── ENTRIES SUPPLIED ──

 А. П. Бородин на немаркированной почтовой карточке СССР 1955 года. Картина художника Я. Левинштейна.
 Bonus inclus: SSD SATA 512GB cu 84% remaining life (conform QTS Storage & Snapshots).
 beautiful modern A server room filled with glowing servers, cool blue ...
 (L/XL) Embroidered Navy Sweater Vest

───
── ENTRIES SUPPLIED ──

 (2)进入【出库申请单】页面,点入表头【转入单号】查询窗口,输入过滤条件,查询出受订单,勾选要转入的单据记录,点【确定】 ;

───
── ENTRIES SUPPLIED ──

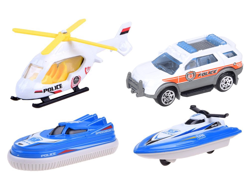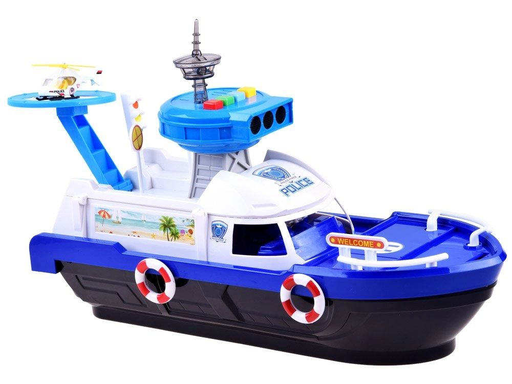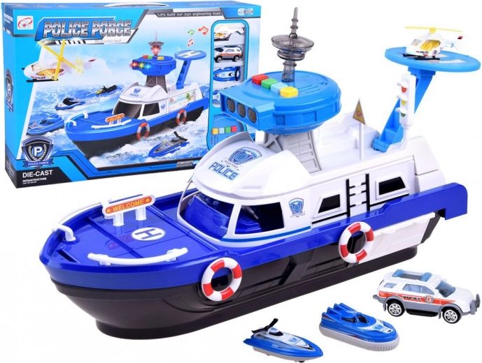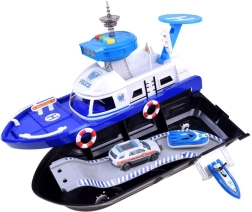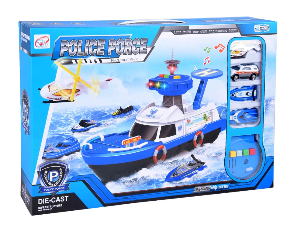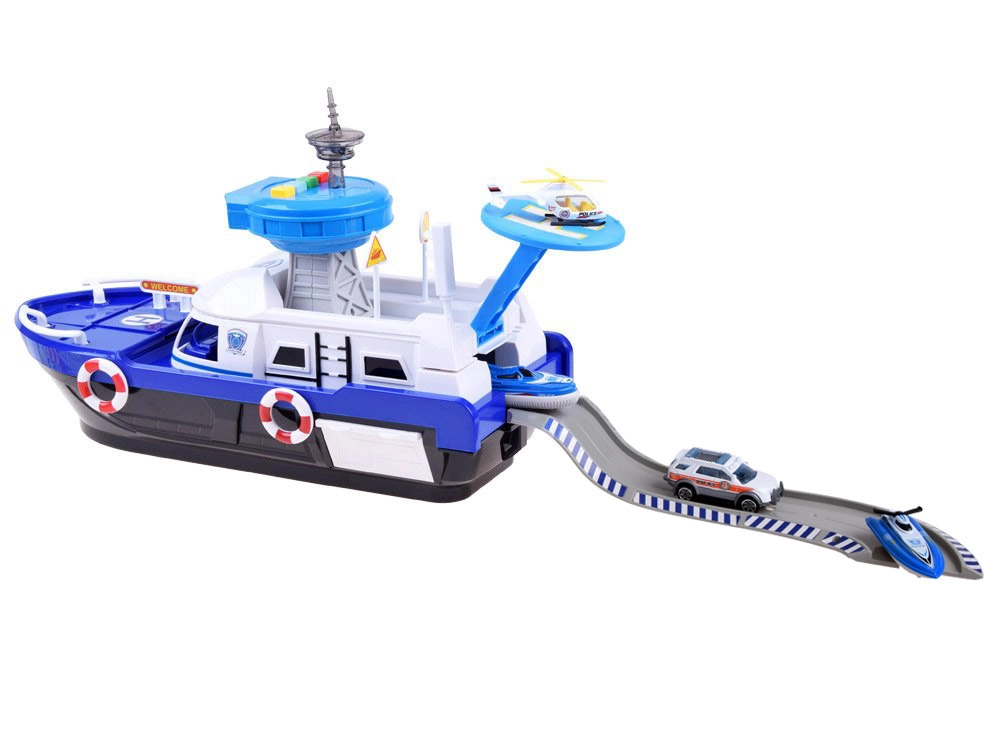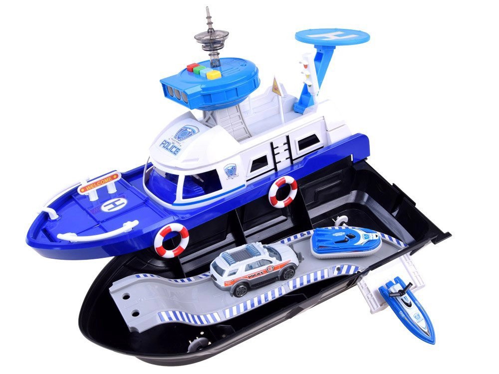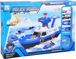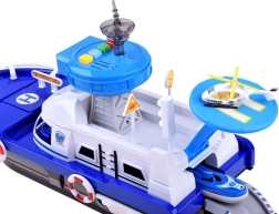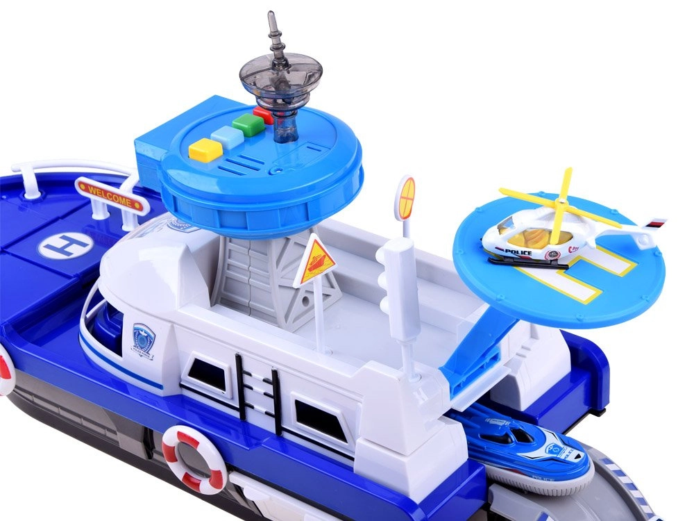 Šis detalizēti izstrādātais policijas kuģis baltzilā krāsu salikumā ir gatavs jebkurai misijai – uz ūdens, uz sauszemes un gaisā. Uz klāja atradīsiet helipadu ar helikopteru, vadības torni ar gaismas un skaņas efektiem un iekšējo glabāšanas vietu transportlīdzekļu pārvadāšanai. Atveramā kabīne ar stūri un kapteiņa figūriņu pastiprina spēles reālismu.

───

EXERCISE AIM
Above are the entries. Output exactly the lines beginning with the line that has "А. П. Бородин" and ending with the line that has "(L/XL) Embroidered Navy Sweater Vest".

ANSWER AREA
 А. П. Бородин на немаркированной почтовой карточке СССР 1955 года. Картина художника Я. Левинштейна.
 Bonus inclus: SSD SATA 512GB cu 84% remaining life (conform QTS Storage & Snapshots).
 beautiful modern A server room filled with glowing servers, cool blue ...
 (L/XL) Embroidered Navy Sweater Vest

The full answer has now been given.